BEGIN INFORMATION PROVIDED
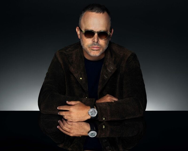 Water, throughout humankind’s existence has served as a source of inspiration for creators from poets to composers to filmmakers. It’s no surprise then that it holds significance to Daniel Arsham as the Hublot ambassador draws from the element’s fluid nature to inform his work. The watchmaker and the artist first announced their partnership back in 2023 in a spectacular manner, by creating a sundial made of ice and snow in Zermatt, at the base of the Matterhorn. Called “Light & Time”, the installation was fleeting and melted over the course of a day, reflecting Arsham’s overarching interest in the way temporal lengths can theoretically intersect. “My work is about collapsing time. You’re not quite sure if it’s an object from the past or the future,” he famously said in a Ted Talk in 2016. As a follow up in 2024 came the first tangible product: the MP-16 Arsham Droplet. A clever take on the pocket watch, it was designed to fit into the hand or worn as a necklace. And now, in 2025 comes their first official timepiece, the Hublot MP-17 MECA-10 Arsham Splash Titanium Sapphire.
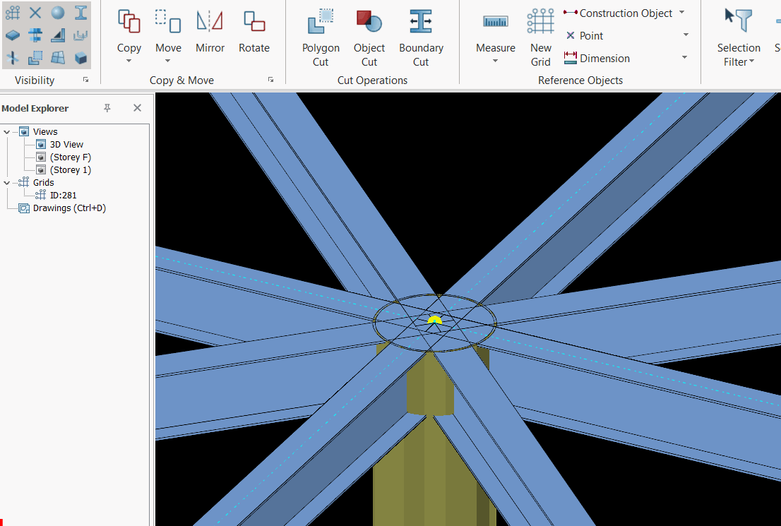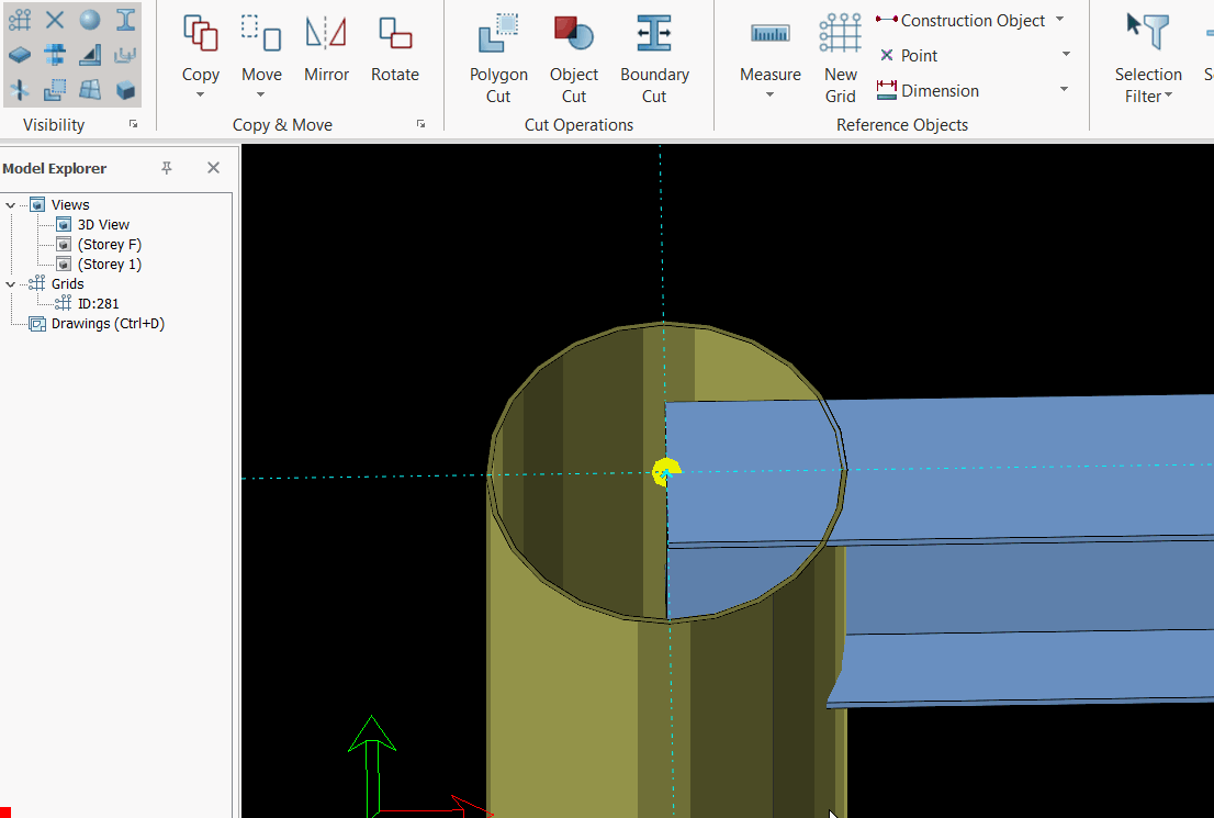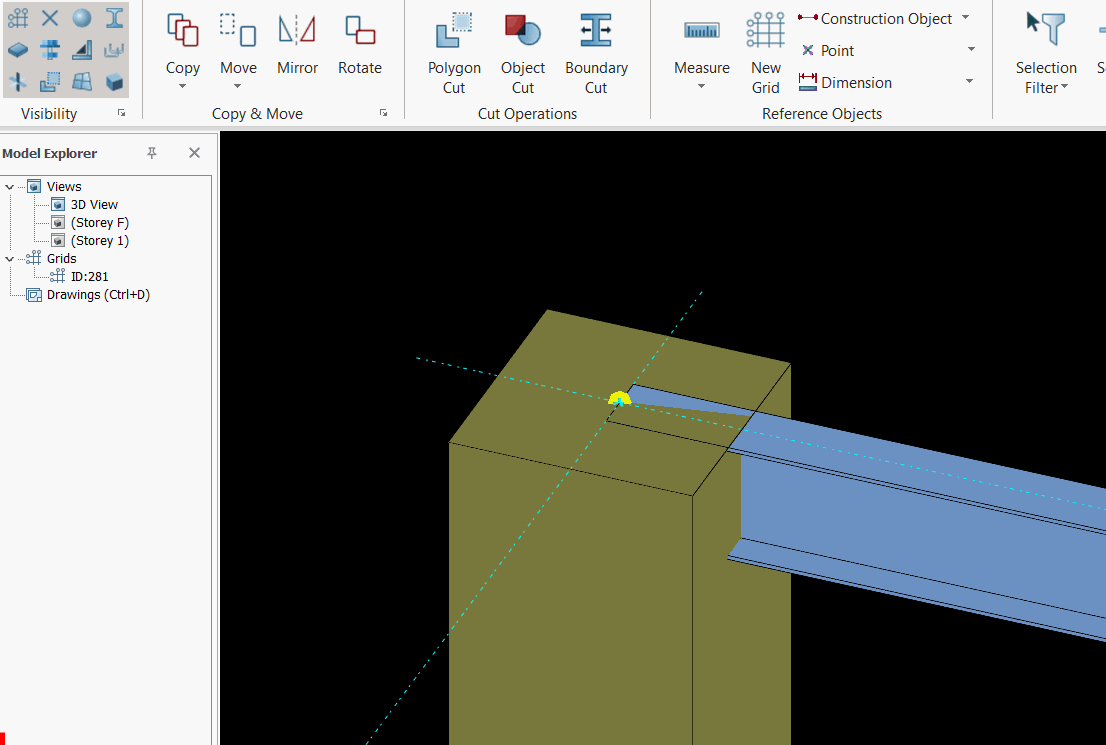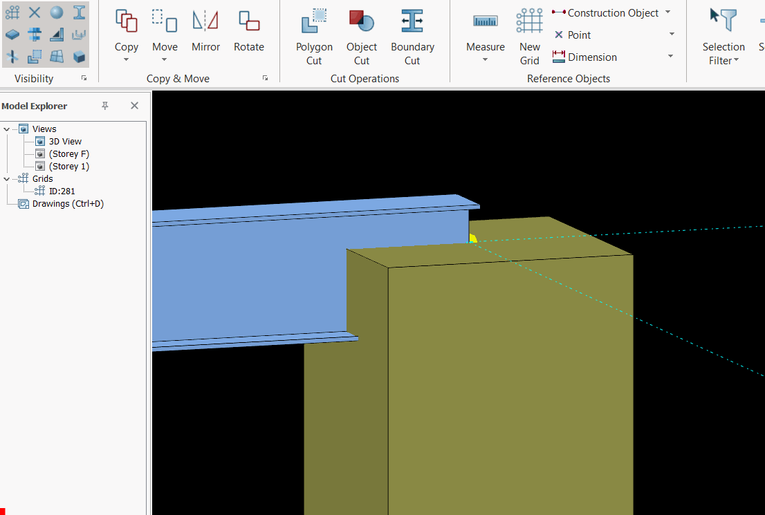 In manual detailing, cut operation can be used to cut unwanted area/region to ensure the members is correctly connected.
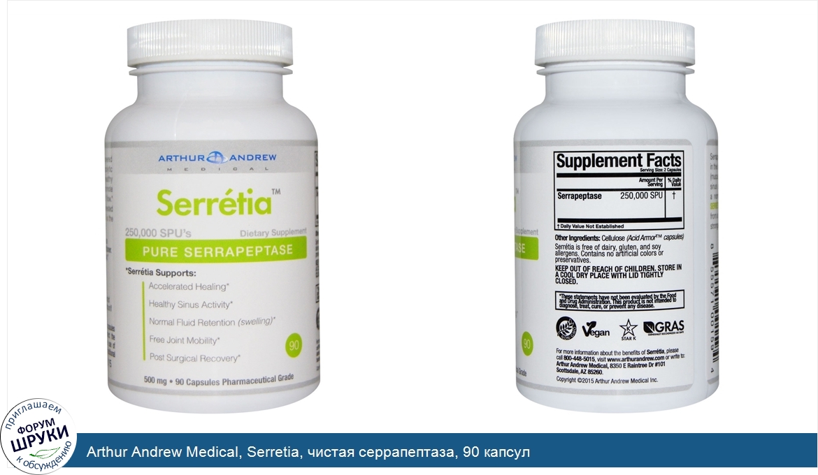 ru Arthur Andrew Medical, Serretia, чистая серрапептаза, 90 капсул
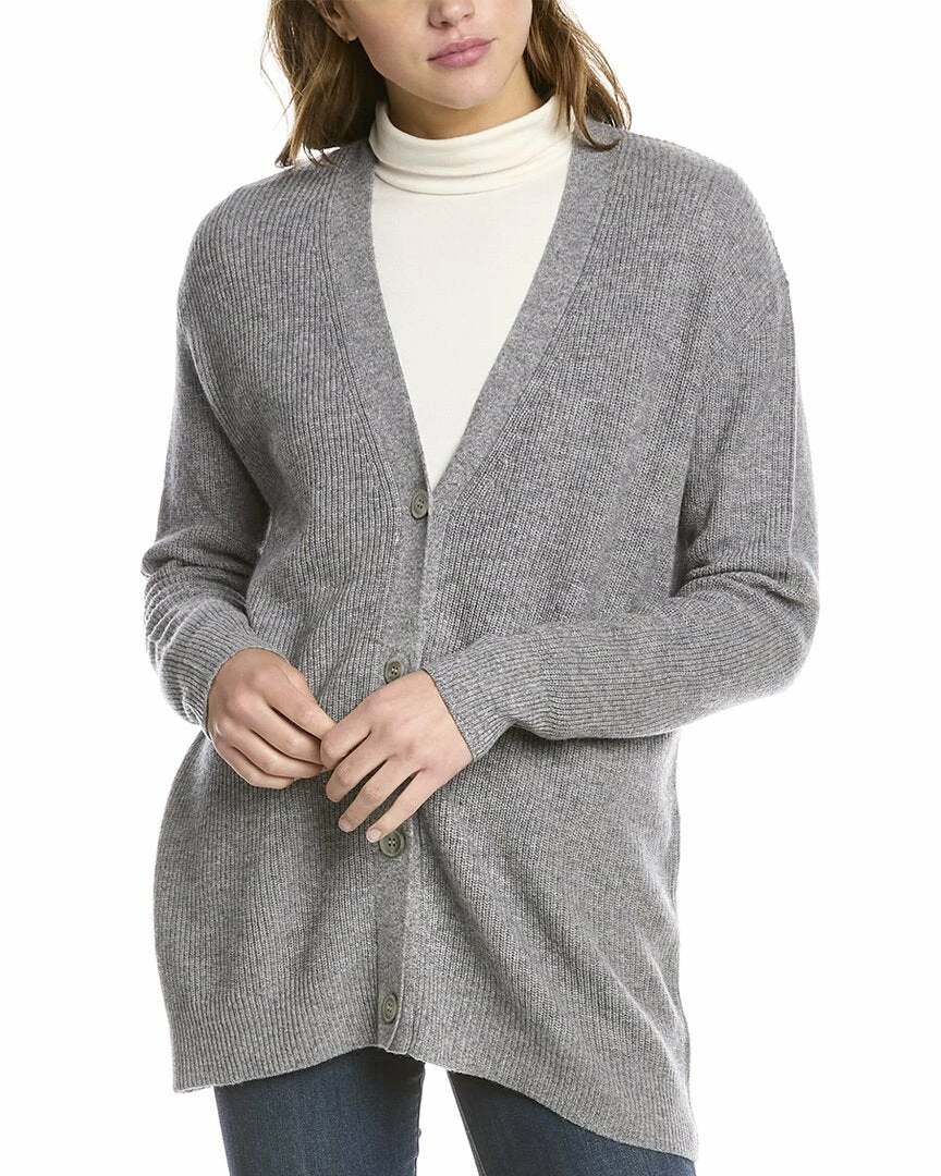 - Ribbed Cashmere Boyfriend Cardigan In Grey With Dropped-Shoulder Sleeves
END INFORMATION PROVIDED
▶ **WHAT YOU ARE ASKED TO DO**
Your copy should hold only the lines running from the one that contains "In manual detailing, cut" through the final line of the data; transcribe them exactly, both ends included, and leave pictures out.

▶ **TASK RESULT**
 In manual detailing, cut operation can be used to cut unwanted area/region to ensure the members is correctly connected.
 ru Arthur Andrew Medical, Serretia, чистая серрапептаза, 90 капсул
 - Ribbed Cashmere Boyfriend Cardigan In Grey With Dropped-Shoulder Sleeves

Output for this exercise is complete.